TASK ITEM >>
Verbatim copy without images: return all of the data as it stands.

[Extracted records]
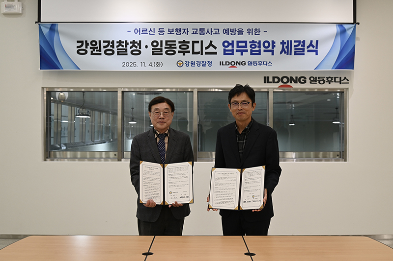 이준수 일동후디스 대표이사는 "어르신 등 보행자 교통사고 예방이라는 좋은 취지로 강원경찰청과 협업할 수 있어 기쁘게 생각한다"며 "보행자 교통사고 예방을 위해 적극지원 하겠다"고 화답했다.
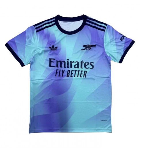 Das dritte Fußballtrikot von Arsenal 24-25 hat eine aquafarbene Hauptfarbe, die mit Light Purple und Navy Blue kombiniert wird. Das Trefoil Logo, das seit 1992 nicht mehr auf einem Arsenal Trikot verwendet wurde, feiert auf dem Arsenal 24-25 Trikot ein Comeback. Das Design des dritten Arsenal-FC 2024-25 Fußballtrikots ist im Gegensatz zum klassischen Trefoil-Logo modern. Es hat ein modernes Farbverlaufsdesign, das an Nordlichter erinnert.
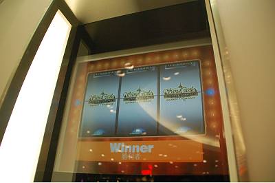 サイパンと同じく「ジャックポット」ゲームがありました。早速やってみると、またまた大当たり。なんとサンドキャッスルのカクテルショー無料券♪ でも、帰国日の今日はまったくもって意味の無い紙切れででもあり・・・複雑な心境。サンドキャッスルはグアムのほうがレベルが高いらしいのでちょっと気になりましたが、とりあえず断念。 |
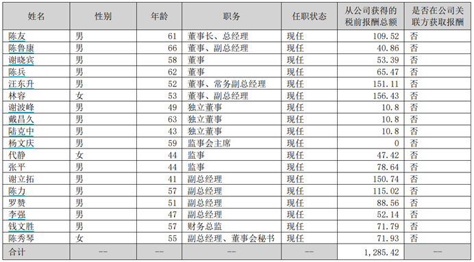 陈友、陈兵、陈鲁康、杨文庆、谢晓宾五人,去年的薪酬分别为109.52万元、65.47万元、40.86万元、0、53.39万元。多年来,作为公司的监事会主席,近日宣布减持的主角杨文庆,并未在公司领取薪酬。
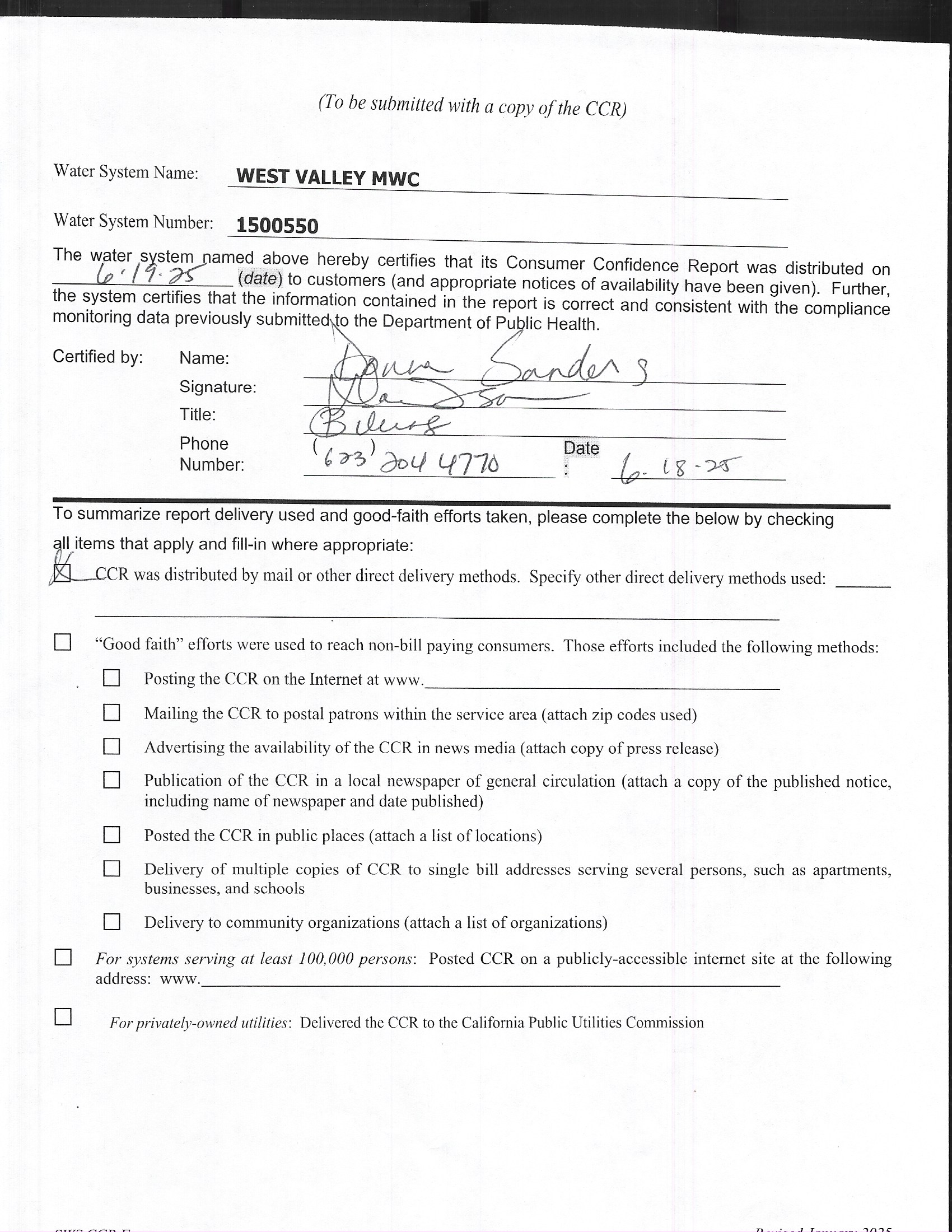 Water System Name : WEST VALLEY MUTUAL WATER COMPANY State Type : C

EXERCISE ANSWER >>
 이준수 일동후디스 대표이사는 "어르신 등 보행자 교통사고 예방이라는 좋은 취지로 강원경찰청과 협업할 수 있어 기쁘게 생각한다"며 "보행자 교통사고 예방을 위해 적극지원 하겠다"고 화답했다.
 Das dritte Fußballtrikot von Arsenal 24-25 hat eine aquafarbene Hauptfarbe, die mit Light Purple und Navy Blue kombiniert wird. Das Trefoil Logo, das seit 1992 nicht mehr auf einem Arsenal Trikot verwendet wurde, feiert auf dem Arsenal 24-25 Trikot ein Comeback. Das Design des dritten Arsenal-FC 2024-25 Fußballtrikots ist im Gegensatz zum klassischen Trefoil-Logo modern. Es hat ein modernes Farbverlaufsdesign, das an Nordlichter erinnert.
 サイパンと同じく「ジャックポット」ゲームがありました。早速やってみると、またまた大当たり。なんとサンドキャッスルのカクテルショー無料券♪ でも、帰国日の今日はまったくもって意味の無い紙切れででもあり・・・複雑な心境。サンドキャッスルはグアムのほうがレベルが高いらしいのでちょっと気になりましたが、とりあえず断念。 |
 陈友、陈兵、陈鲁康、杨文庆、谢晓宾五人,去年的薪酬分别为109.52万元、65.47万元、40.86万元、0、53.39万元。多年来,作为公司的监事会主席,近日宣布减持的主角杨文庆,并未在公司领取薪酬。
 Water System Name : WEST VALLEY MUTUAL WATER COMPANY State Type : C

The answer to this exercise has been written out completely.